WDSE: Duluth, Minnesota; Superior, Wisconsin; ; WRPT: Hibbing, Minnesota; ; United States;
- Channels for WDSE: Digital: 8 (VHF); Virtual: 8;
- Channels for WRPT: Digital: 31 (UHF); Virtual: 31;
- Branding: PBS North

Programming
- Affiliations: 8.1/31.1: PBS; for others, see § Subchannels;

Ownership
- Owner: Duluth–Superior Area Educational Television Corporation
- Sister stations: WDSE-FM

History
- First air date: WDSE: September 1, 1964; WRPT: December 27, 2008;
- Former call signs: WDSE: WDSE-TV (1964–2009);
- Former channel number: WDSE: Analog: 8 (VHF, 1964–2009); Digital: 38 (UHF, 2003–2009); ;
- Former affiliations: WDSE: NET (1964–1970);
- Call sign meaning: WDSE: Duluth–Superior Educational; WRPT: Iron Range Public Television;

Technical information
- Licensing authority: FCC
- Facility ID: WDSE: 17726; WRPT: 159007;
- ERP: WDSE: 34 kW; WRPT: 250 kW;
- HAAT: WDSE: 295 m (968 ft); WRPT: 167 m (548 ft);
- Transmitter coordinates: WDSE: 46°47′29.7″N 92°7′21.4″W﻿ / ﻿46.791583°N 92.122611°W; WRPT: 47°22′53″N 92°57′16″W﻿ / ﻿47.38139°N 92.95444°W;

Links
- Public license information: WDSE: Public file; LMS; ; WRPT: Public file; LMS; ;
- Website: pbsnorth.org

= WDSE (TV) =

Television station in Duluth, Minnesota

WDSE (channel 8) in Duluth, Minnesota, and WRPT (channel 31) in Hibbing, Minnesota, collectively branded PBS North, are PBS member television stations serving northeast Minnesota and northwest Wisconsin. Owned by the Duluth–Superior Area Educational Television Corporation, WDSE shares common ownership with adult album alternative radio station WDSE-FM (103.3). The two outlets share studios at the Sax Brothers Memorial Communications Center on the campus of the University of Minnesota Duluth on Niagara Court in the east side of Duluth; the television station's transmitter is located west of downtown Duluth in Hilltop Park.

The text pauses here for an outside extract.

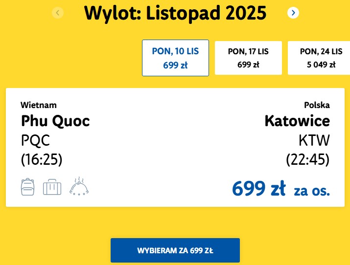 Авіаквитки з В’єтнаму (острів Фукуок (Phu Quoc)) в Польщу можна купити за €164 (699 pln) в один бік! Зауважте, що за найнижчою ціною є квитки лише в один бік у Варшаву 8 та 15 листопада або в Катовіце 10 та 17 листопада.

WRPT operates as a full-time satellite of WDSE; this station's transmitter is located at Maple Hill Park south of Hibbing. WRPT covers areas of Minnesota's Iron Range (including Grand Rapids, Virginia and Chisholm) that receive a marginal to non-existent over-the-air signal from WDSE, although there is significant overlap between the two stations' contours otherwise. WRPT is a straight simulcast of WDSE; on-air references to WRPT are limited to Federal Communications Commission (FCC)–mandated hourly station identifications during programming. Aside from the transmitter, WRPT does not maintain any physical presence locally in Hibbing.

==History==
WDSE first went on the air on September 13, 1964, as the second educational station in Minnesota. The founding general manager was George Beck, former principal of Duluth Central High School, who had led the campaign for educational television in the Twin Ports for over a decade.

The station originally operated from the Bradley Building in downtown Duluth. When the building was condemned to make room for Interstate 35, UMD offered the station space on campus for a new studio. WDSE moved to its current facility in 1978. It is named the Sax Brothers Memorial Communications Center in honor of the brothers of Duluth physician Milton Sax, who gave the initial $200,000 bequest for the project.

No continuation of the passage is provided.